Accessing data in Pandas
Contents
2. Accessing data in Pandas#
NumPy used an efficent indexing syntax, similar to lists, to extract values. pandas’ greater complexity means it has more options to access data, and these require a bit of practice to master. There are three ways to get at data in a DataFrame:
Standard notation - acts as if the DataFrame was a dictionary with lists in it.
.iloc()
method - the traditional NumPy indexing approach, accessing rows and columns with numbers and colons..loc()
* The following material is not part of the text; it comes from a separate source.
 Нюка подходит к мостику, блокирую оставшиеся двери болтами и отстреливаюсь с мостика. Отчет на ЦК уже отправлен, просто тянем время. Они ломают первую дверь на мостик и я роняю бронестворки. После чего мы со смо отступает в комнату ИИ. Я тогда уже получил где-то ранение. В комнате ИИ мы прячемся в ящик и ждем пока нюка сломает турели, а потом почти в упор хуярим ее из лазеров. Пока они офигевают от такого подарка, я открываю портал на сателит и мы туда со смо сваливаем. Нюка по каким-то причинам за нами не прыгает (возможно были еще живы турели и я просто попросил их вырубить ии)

method - allows you to use labels as indexes - no numbers required!
# Demonstrate standard notation for accessing Pandas. How to look at the 'mpg' column? Just the last 5 rows!
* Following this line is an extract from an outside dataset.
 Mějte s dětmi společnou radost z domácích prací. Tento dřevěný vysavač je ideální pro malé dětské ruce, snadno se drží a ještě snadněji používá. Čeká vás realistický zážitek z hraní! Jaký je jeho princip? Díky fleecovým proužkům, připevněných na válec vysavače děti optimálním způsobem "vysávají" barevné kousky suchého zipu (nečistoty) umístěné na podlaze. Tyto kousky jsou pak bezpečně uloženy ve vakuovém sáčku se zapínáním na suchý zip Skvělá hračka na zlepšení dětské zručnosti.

display(mtcars['mpg'].tail())
27 30.4
28 15.8
29 19.7
30 15.0
31 21.4
Name: mpg, dtype: float64
# You can access two or more columns with a list of column names!
display(mtcars[['mpg', 'hp']].head())
mpg | hp | |
---|---|---|
0 | 21.0 | 110 |
1 | 21.0 | 110 |
2 | 22.8 | 93 |
3 | 21.4 | 110 |
4 | 18.7 | 175 |
# Manipulation works like NumPy
display(mtcars[['mpg', 'hp']].head() + 500)
mpg | hp | |
---|---|---|
0 | 521.0 | 610 |
1 | 521.0 | 610 |
2 | 522.8 | 593 |
3 | 521.4 | 610 |
4 | 518.7 | 675 |
2.1. Accessing with .iloc
#
Accessing data in a DataFrame with iloc
is as simple as knowing what rows and columns you want, and passing them to the iloc
method - this is slightly unusual, as the method is an indexer - so you call it with square brackets, and not parentheses.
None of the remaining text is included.